— Si — admitió Barlennan.

— Muy bien, pues. El hecho de que la temperatura sea mas alta significa que tu aire no pierde densidad tan rápidamente con la altitud… Se podría decir que la atmósfera entera se expande. Se expande, y se vierte en ese cuenco que tienes al lado como agua en un plato de sopa que se hunde. Luego pasas el equinoccio vernal, las tormentas mueren, y Mesklin empieza a alejarse del sol. Todo se enfría, y la atmósfera se encoge de nuevo.

Pero el cuenco ha atrapado mucho calor, y su presión de superficie es ahora mas alta que en un nivel similar del exterior del cuenco. Buena parte de ese calor desborda y se aleja del risco en el pie, pero la rotación del planeta lo desvía hacia la izquierda.
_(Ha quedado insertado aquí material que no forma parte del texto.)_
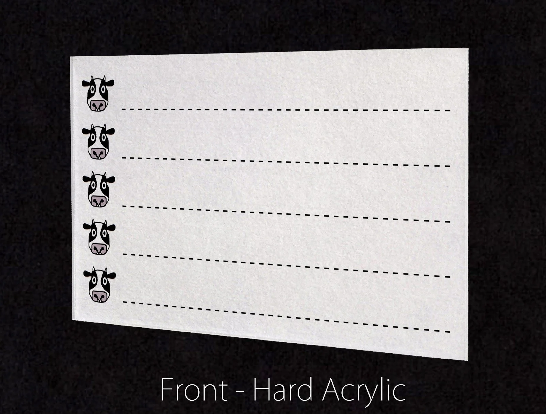 These Hard Acrylic Deluxe Herd Mentality Scoring Plaques are made of 1/8" PREMIUM GRADE PLEXIGLASS. The backing is finished with a white velvet material that is SOFT TO THE TOUCH to protect playing surfaces. Made in the USA with premium DURABLE materials to last for years.

Eso explica el viento que te impulsó. El resto es esta ventolera que acabas de cruzar, que escapa del cuenco por la única fisura y crea un vacío parcial en ambos lados de la hendidura, de modo que el viento tiende a precipitarse hacia allí desde todas partes. ¡Es simple!

— ¿Pensaste todo eso mientras yo cruzaba el vendaval? — pregunto secamente Barlennan.

— Claro… se me ocurrió de golpe. Por eso estoy seguro de que allá arriba el aire es más denso de lo que esperábamos. ¿Entiendes?

— Francamente, no. Sin embargo, lo aceptaré si tú estas satisfecho. Cada vez confió más en vuestros conocimientos. No obstante, con teoría o sin ella, ¿qué significa esto en la práctica? Trepar por la cuesta afrontando ese viento no será cosa de broma.

— Me temo que deberéis hacerlo. Quizás amaine eventualmente, pero pasaran unos meses hasta que el cuenco se vacíe… tal vez un par de años terrícolas. Si es posible, Barlennan, creo que vale la pena intentar el ascenso sin demora.

Barlennan reflexionó. En el Borde, semejante huracán arrastraría a un mesklinita y lo haría desaparecer en pocos instantes; pero en el Borde ese viento no podía formarse, pues el aire apresado en el cuenco pesaría mucho menos que aquí. Hasta Barlennan comprendía eso.

— Iremos ahora — informó a través de la radio, antes de volverse para dar ordenes a la tripulación.

El Bree cruzó la corriente, ya que Barlennan había atracado en la orilla opuesta a la meseta. Una vez allí, lo sacaron del río y sujetaron las amarras a estacas, pues en aquel paraje rocoso no había plantas que pudieran resistir lo suficiente. Nombraron a cinco marineros para que permanecieran en la nave; los demás se colocaron los arneses, sujetaron las cuerdas de sus mochilas a ellos, y se pusieron en marcha hacia la pendiente.